● WHAT YOU HAVE TO DO:
No image is to be carried over; reproduce the rest of the listing word for word.

##### INFORMATION SUPPLIED #####

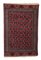 Tappeto a fondo rosso, decorato a motivi geometrici nei toni del bianco e del nero, cm 188x124
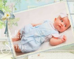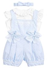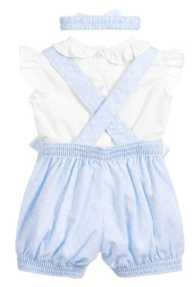 Little girls shorts and blouse set by Pretty Originals, with a matching headband. The white blouse a ruffle collar. It fastens with buttons on the back. The blue shorts have white spots and blue striped bows, and the adjustable straps fasten to the elasticated waist with buttons.
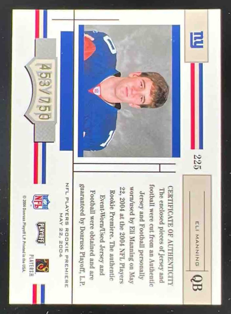 2004 Playoff Absolute Memorabilia #225 Eli Manning RC /750
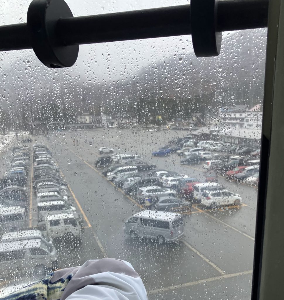 まずは、越後湯沢のかぐらスキー場へ。駐車場は雨の影響で空いていて、ラッキーでした。
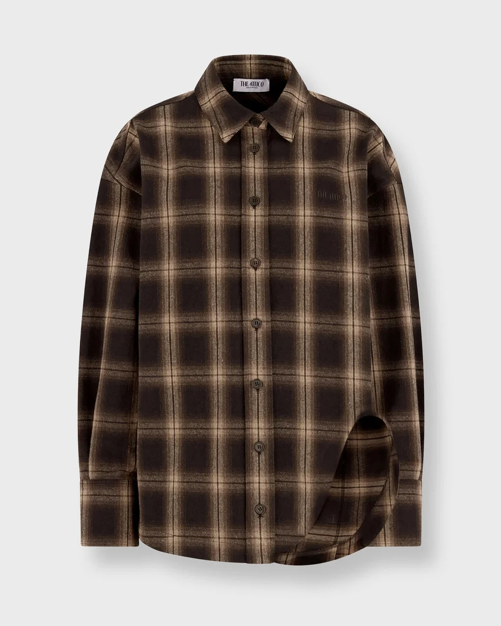 Shirt Diana from The Attico. The Attico's shirt reinterprets an Americana classic with cool, modern proportions. Tailored from checked cotton flannel, it's roomy in fit with artfully curved sleeves. Size and Fit - Fits true to size, choose your usual size - The model is 175 cm tall and is wearing size 38 Specification - Article number - ID: 177330-083 - Brand: THE ATTICO - Color: Brown - Washing Instructions: Machine wash at 30 degrees - Made of: 100% cotton
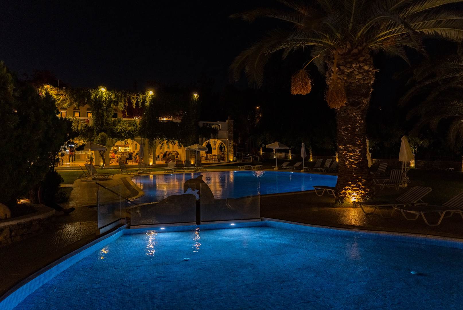 Ausblick über den Poolbereich zum Restaurant
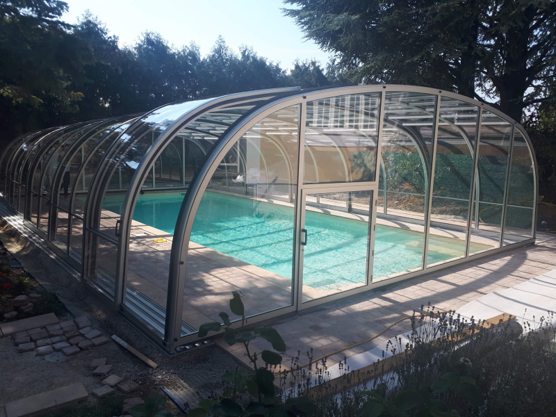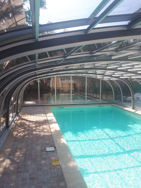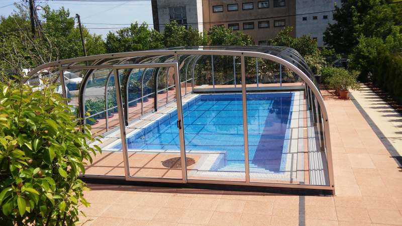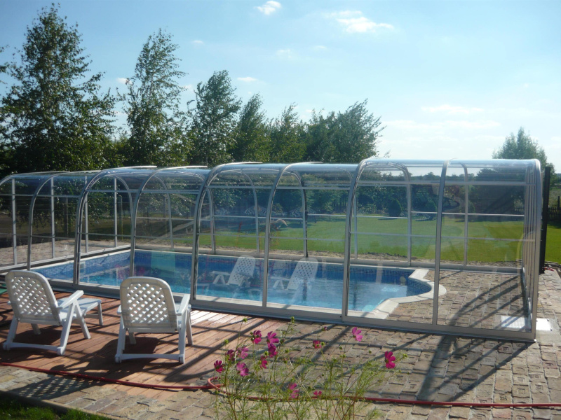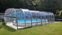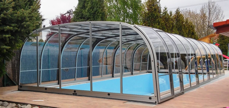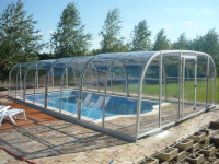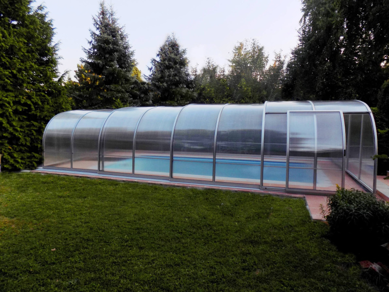Zakrytie bazéna v štýle oblúkov s vysokým košom, s plným alebo viacstenným polykarbonátovým zasklením. Naše patentom chránené profily majú zaoblené hrany a rohové body pre prípad, že by sa predišlo nehode. Výška sa mení v rozmedzí 2,10 - 2,45 m v závislosti od šírky.
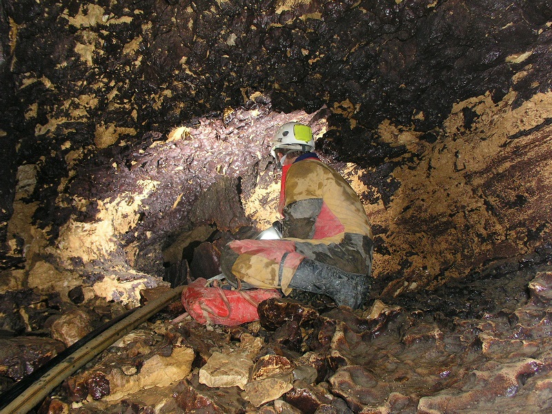 Une salle inondée en forme de soucoupe volante mesurant 3 mètres de diamètre et 1,5 mètres de hauteur est découverte. Arrêt sur un quatrième siphon de belle section ! Une reconnaissance en plongée sur vingt mètres et une prfondeur de -6 mètres montre que la cavité continue…
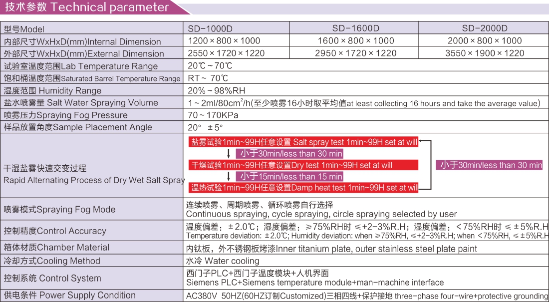 盐干湿试验机主要用于户外盐污染的环境中材料的加速腐蚀试验,本设备是最接近自然状况,以自然环境中较常遇见之状况加以模拟,以数倍于自然环境之苛刻条件加以自合测试,如盐雾、干燥、湿润、常温静置、等环境加以自合,可任意顺序或单独执行测试。

#####

● ANSWER BELOW:
 Tappeto a fondo rosso, decorato a motivi geometrici nei toni del bianco e del nero, cm 188x124
 Little girls shorts and blouse set by Pretty Originals, with a matching headband. The white blouse a ruffle collar. It fastens with buttons on the back. The blue shorts have white spots and blue striped bows, and the adjustable straps fasten to the elasticated waist with buttons.
 2004 Playoff Absolute Memorabilia #225 Eli Manning RC /750
 まずは、越後湯沢のかぐらスキー場へ。駐車場は雨の影響で空いていて、ラッキーでした。
 Shirt Diana from The Attico. The Attico's shirt reinterprets an Americana classic with cool, modern proportions. Tailored from checked cotton flannel, it's roomy in fit with artfully curved sleeves. Size and Fit - Fits true to size, choose your usual size - The model is 175 cm tall and is wearing size 38 Specification - Article number - ID: 177330-083 - Brand: THE ATTICO - Color: Brown - Washing Instructions: Machine wash at 30 degrees - Made of: 100% cotton
 Ausblick über den Poolbereich zum Restaurant
Zakrytie bazéna v štýle oblúkov s vysokým košom, s plným alebo viacstenným polykarbonátovým zasklením. Naše patentom chránené profily majú zaoblené hrany a rohové body pre prípad, že by sa predišlo nehode. Výška sa mení v rozmedzí 2,10 - 2,45 m v závislosti od šírky.
 Une salle inondée en forme de soucoupe volante mesurant 3 mètres de diamètre et 1,5 mètres de hauteur est découverte. Arrêt sur un quatrième siphon de belle section ! Une reconnaissance en plongée sur vingt mètres et une prfondeur de -6 mètres montre que la cavité continue…
 盐干湿试验机主要用于户外盐污染的环境中材料的加速腐蚀试验,本设备是最接近自然状况,以自然环境中较常遇见之状况加以模拟,以数倍于自然环境之苛刻条件加以自合测试,如盐雾、干燥、湿润、常温静置、等环境加以自合,可任意顺序或单独执行测试。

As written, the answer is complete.